Toure Show Episode Summary: "We Love Stevie"
Introduction
In the "We Love Stevie" episode of the Toure Show, host Torre engages in an insightful conversation with Wesley Morris from the New York Times and Josh Gwynn, a major producer. The discussion centers around their newly launched podcast, "The Wonder of Stevie," which delves deep into the music and legacy of Stevie Wonder, particularly focusing on his prolific period during the 1970s.
Overview of "The Wonder of Stevie" Podcast
Wesley Morris introduces "The Wonder of Stevie" as a comprehensive exploration of Stevie Wonder's five remarkable albums released in quick succession during the 1970s. Josh Gwynn adds that the podcast doesn't shy away from controversial topics, such as Stevie's "Secret Life of Plants," providing listeners with a balanced view of his work.
Quote:
Torre: "The Wonder of Stevie is my favorite new podcast of the year so far. It is a deep dive into the music of Stevie Wonder during the 70s."
[02:18]
Deep Dive into Stevie Wonder’s Albums
Music of My Mind
Wesley emphasizes that this album marked Stevie's artistic freedom, allowing him to experiment with new sounds and technologies. He reflects on how the album serves as a foundation for his subsequent works.
Quote:
Wesley Morris: "This is the album where he's figuring out how to make the other four, even if he doesn't know it."
[24:16]
Inner Visions
The conversation touches upon the complexity and emotional depth of this album. Josh notes the challenge in selecting which songs to highlight due to the album's richness.
Quote:
Josh Gwynn: "Our entire team had an entire conversation where we're like, okay, is this one going to make it?"
[04:38]
Talking Book
Wesley discusses the balance between upbeat tracks and more introspective songs, highlighting Stevie's versatility.
Songs in the Key of Life
Recognized as a cornerstone of Stevie's career, this album receives particular attention. Wesley and Josh explore its intricate arrangements and profound messages, with Wesley admitting his initial reservations about certain tracks but ultimately appreciating their depth.
Quote:
Wesley Morris: "But I will say that now that we're done, like. And have I said this in front of you before? I don't know."
[23:46]
Secret Life of Plants
Although controversial, this album is defended by Wesley and Josh as a genuine artistic endeavor that, despite mixed reviews, adds to Stevie's diverse portfolio.

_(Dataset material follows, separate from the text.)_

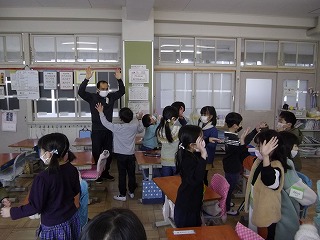 2学期にも勉強した、気持ちを表す言葉(happy,hungryなど)を復習したり、英語の歌に合わせて体を動かしたりしました。ペアを作って向き合い、お互いの顔を見ながら楽しそうに活動している姿が見られました。
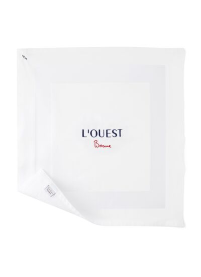 Habitués de la Brasserie L’Ouest ? C’est comme si vous y étiez avec cette serviette de table en tissu brodée au nom de cette incontournable brasserie lyonnaise.

Personal Experiences and Emotional Impact
Both Wesley and Josh share personal anecdotes about how Stevie's music has influenced their lives. Wesley recalls moments of emotional connection, such as listening to "Living for the City" during intense personal experiences, which brought him to tears.
Quote:
Wesley Morris: "I was crying."
[10:25]
Josh reflects on how creating the podcast transformed his relationship with Stevie's music, allowing him to appreciate its complexity and emotional layers beyond initial impressions.
Quote:
Josh Gwynn: "I got to listen to the album in a different way."
[50:43]
Interaction with Influential Figures
A significant portion of the discussion revolves around interviews conducted with notable personalities like Barack Obama and Michelle Obama. Wesley shares his experience interviewing Stevie Wonder alongside the Obamas, highlighting the profound impact Stevie's music has had on influential leaders and everyday individuals alike.
Quote:
Wesley Morris: "This person, this very important American human is sitting there being transported."
[01:53]
They recount a memorable moment where both Wesley and Barack Obama were overwhelmed by Stevie's performance, emphasizing the universal language of music.
Quote:
Wesley Morris: "We're both like, this is happening. This is happening in front of us. This is crazy."
[00:41]
Reflections and Conclusions
As the episode concludes, Wesley and Josh reflect on the enduring legacy of Stevie Wonder. They discuss how his music transcends generational boundaries, remaining relevant and influential decades after its creation. The hosts express their admiration for Stevie's ability to innovate and stay true to his artistic vision, regardless of external pressures.
Quote:
Wesley Morris: "He doesn't think that anything ended in 1976. Nothing. Like it continues to this day."
[45:04]
Josh adds that their podcast aims to introduce Stevie Wonder to new audiences while deepening the appreciation of existing fans by uncovering the stories and emotions behind his music.
Quote:
Josh Gwynn: "Listening to the album, I got to Listen to the album in a different way is my answer."
[50:43]
Notable Moments and Quotes
Emotional Connection:
Wesley shares a poignant moment of listening to "Living for the City" on the squat rack, where the music moved him to tears.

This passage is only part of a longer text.